On August 10,1792 around 10 AM, a mob of perhaps 30,000 people advanced toward the Tuileries Palace to capture Louis XVI. Louis had been given information that told him that an angry mob was headed for the palace. He decided to move himself and his family to the Legislative Assembly building for he had been told they could not defend him in the palace.

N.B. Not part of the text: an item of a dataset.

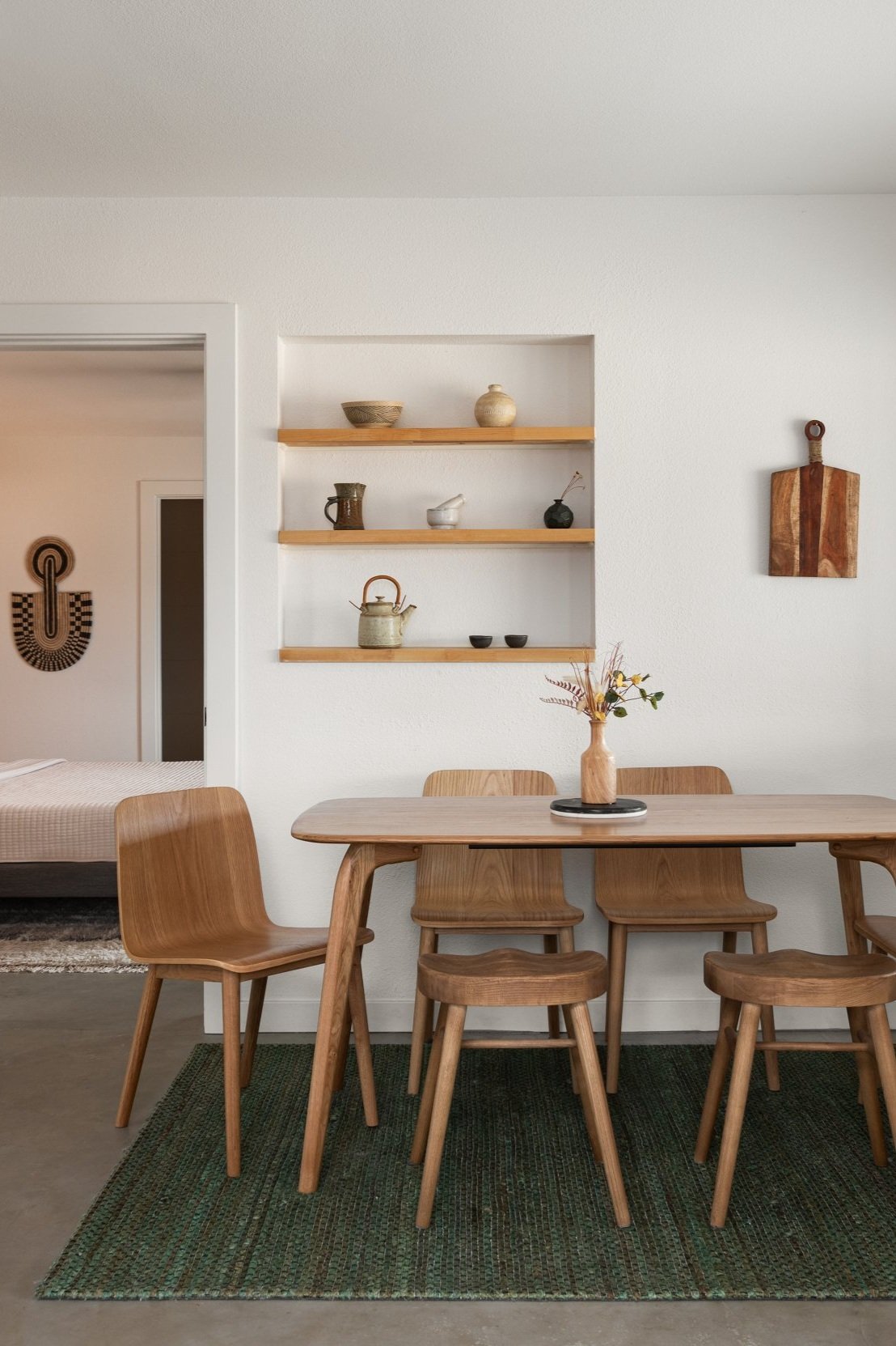 Harmony Tea House is a short-term vacation rental located in Southern California near Joshua Tree, CA. Throughout the space, we carefully curated artwork, ceramics, and decorative pieces that pay homage to Japanese culture and aesthetics as well as its high-desert surroundings. The color palette is a subtle symphony of muted hues inspired by nature – soft greens, warm browns echoing the earth, and delicate neutrals. The space invites you to escape the hustle and bustle of the outside world and find solace in the art of simplicity.

        Before the King fled with his 300 volunteers of the order of the Chevaliers de St. Louis,who were to protect him, he had left no orders for the Swiss Guard who defended the Tuileries. The guards saw the crowd coming and counted upon an order from Louis to surrender the palace as he had in an earlier attack, but the order never came. When the mob approached the palace, the guards scampered to the top walls to try and fight off the swarm with single-shot muskets. After firing a few rounds into the crowd and seeing what little damage they did, they surrendered the palace to save their lives. The mob searched the palace with blood in their eyes, and only 300 of the 900 Swiss Guards were left alive. But the people found no King. The soldiers' corpses laid mutilated. All servants, cooks, kitchen boys, door attendants, maids, women and children, and all people involved with the King were slaughtered. The people began throwing the dead bodies into piles. One eye witness reported seeing "some very young boys playing with human heads."1

        By January of 1792, before the storming of the Palace, all sections of Paris, forty-eight of them, had built up a strong leadership; they could call an army up to fight at any given moment. These sections, also known as wards, could join together with the Cordelier's Club and give the people an organized plan of action in case of an emergency. In April of 1792 King Louis met with the Legislative Assembly about going to war with Austria and Prussia. Austria and Prussia had joined forces and decided to stop the revolution in France by taking it over and destroying its backers.They didn't want their subjects to get the idea of revolting. So the Legislative Assembly and King Louis decided to fight back against Prussia and Austria.

        On June 20, 1792, also the third anniversary of the Tennis Court Oath, a group of 15000 people made their way toward the Tuileries Palace. This was the first attack on the Tuileries Palace. They first marched to the Legislative Assembly and then marched to the palace. A small group of the crowd was able to push passed the Swiss Guards and enter the palace. King Louis met them for he had been warned they were coming, and he offered the small crowd wine and began conversing with them in hopes of calming them down. Luckily the crowd finally left without harming anyone in the palace.

        By late July the people of Paris began to panic because Austrian and Prussian troops were moving toward the city. By this time France had a reduced supply of experienced military officers, for most of them were noblemen who had emigrated or been demoted from any kind of political or military status during the Revolution. In their panic the people began to believe that Louis had communicated with the enemy and thereby committed treason. In the summer of 1791 Louis had tried to flee the country, and that action made people believe Louis had committed treason. So the leaders of the Paris Commune met on August 9 and decided to attack the palace on the next day. The word spread overnight to the 30000 people that attacked on August 10, 1792.

        Once the brutality was over, the people hoped the King had been found so they could have their way with him. When Louis fled to the Legislative Assembly, he was hoping the Assembly would protect him, but the people found him and convinced the Assembly to release him. His arrest along with the arrest of his family set the stage for the end of monarchy in France and the trial of Louis himself.



1 Richard E. Sulivan, Dennis Sherman, and John B. Harrison, A Short History of Western Civilization, 7th edition (New York: Mcgraw-Hill, Inc., 1994), 473.